Product design or industrial design is a big deal for any country. You know those labels you read on the back of a product? Maybe you’ve seen some that read Made in the U.S.A. Made in Switzerland. Or more popular, Made in China? All of these have a certain value and a different connotation to them, regardless of how good the product actually is.
Now off the bat, you can tell which one has a negative connotation to it, but most products, especially technology actually have a very subjective creation story behind them. You see, most technology isn’t just MADE in a specific country. iPhones for example, that are quote, “made in China” are assembled in China, but could have some parts from Thailand, some from Europe, but was designed in California. So there are many outlets from which any given product is created.
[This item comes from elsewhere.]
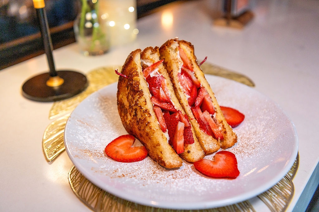 Sweet cream cheese, fresh strawberries, cinnamon

China is looking to remove itself from that negative connotation, a push for quality that resembles a time when Japan sought out the same goal back in the 20th Century.
To understand what it was like for Japan, let’s scrub the timeline back, all the way to the beginning of World War II.
Japan was at the brink of war, the country’s quality measure of products was broken up into 3 tiers. Japan’s priorities were shifted at this time, so the lowest tier was Japan’s consumer goods that were exported to other countries, this is what led to Japan’s initial reputation of a subpar quality of goods.
The second tier at the time was the quality of military hardware and supplies, now this one was obviously important for Japan, so the military had its best engineers, materials, and its quality subsequently competed with other countries.
Finally, the highest quality tier was that of the ancient Japanese tradition of fine craftsmanship in handmade goods.
Let’s scroll the timeline back a little further to the 16th-Century. Dutch and Portuguese explorers had just reached the Japanese archipelago. Their discovery led to discovering Japanese crafts such as woodblock prints, paper, and lacquerware, among other products. These were found to be far superior to anything known in Europe.
This is what set the bar for what Japanese products were truly destined for: quality.
When Japan lost the war, it was clear that they were doing something wrong, and they sought out that change.
1954.
The Japanese Federation of Economic Organizations was held and two American men were invited. W. Edwards Deming and Joseph M. Juran, both engineers and management consultants in the U.S.
140 chief executives from the largest manufacturing companies in Japan attended. Juran tells the Japanese executives two key ideas that would change the way Japan viewed its products, created, and delivered them.
The first idea was quality management, this involved managing for quality by its design and how to inspect them for defects BEFORE it reaches the hands of consumers.
The second key idea was to analyze and supervise the manufacturing process. This solution allowed products to be seen as they are being created to locate the source of defects, fix them, which created a virtually defect-free product from the starting point.
Improving the production process improves the quality of products. Inspections require less work as they aren’t finding as many defects, so it works great in both ways.
And that is exactly where Japan honed in on. The birth of the Quality Revolution.
During Juran’s stay in Japan, he suggested that Japanese companies try to find ways for companies to train their employees on quality improvement and control. They listened.
This led to a full swing of a quality revolution. The senior executives of those very companies took charge of managing the quality. Listed on their business plans were quality goals, and each action headed directly into a sustainable lead in quality.
By the time the 1950s roared in, U.S. companies could not compete with Japanese prices for products, and this boom of Japanese quality later in the decade, caught U.S. companies completely off-guard.
One notable U.S. company that was thrown off immensely was the Xerox Corporation. It reigned in its golden years as a powerful company. Everybody wanted Xerox copies in their office but needed to lease a Xerox machine to get one. Executives of the company had many measures of metering sales, costs, profits, but nothing to show customer satisfaction. It was failing, as the machines would malfunction or completely break altogether, and regularly.
Xerox was able to acquire some insight on this matter but they made a poor choice, they created a service that would fix the broken Xerox machine. This didn’t sit well with the customers. They just wanted a product that was designed properly and wouldn’t need to be serviced from the get-go.
This same story occurred with other companies around the U.S., one prominent example was in the color television industry. In 1950, roughly 30 U.S.-owned companies were producing them, but by the ’80s only one company still stood.
This led Japanese companies to rush in, take action, and compete. In the 1950s, Japanese cars had such poor quality that they could barely be sold in the United States. After implementing the quality improvement method throughout the leading industries, year after year, it added up. And in 1975, after more than two decades of hard pushing through quality products, the Japanese leveled up with and even surpassed U.S. automakers in product quality.
What the U.S. once had, in terms of quality and the status most U.S. companies attained in the early half of the 20th century became battered. It was imminent for the U.S. to finally have competition but to the consumer’s benefit, competition leads to a greater reach among all companies and it creates better products from it.
As Juran puts it, “Our need is not to redesign our culture. Our need is to intensify what these companies have shown us what we can do.”
The phrase “Made in Japan” used to have a comparative connotation to subpar quality. But with Japan’s evergrowing improvement in its standards and persistence of change, it became one of many factors as to why Japan’s push for greater design evolved. To this day, Japanese industrial design continues to be a fundamental influence throughout today’s world.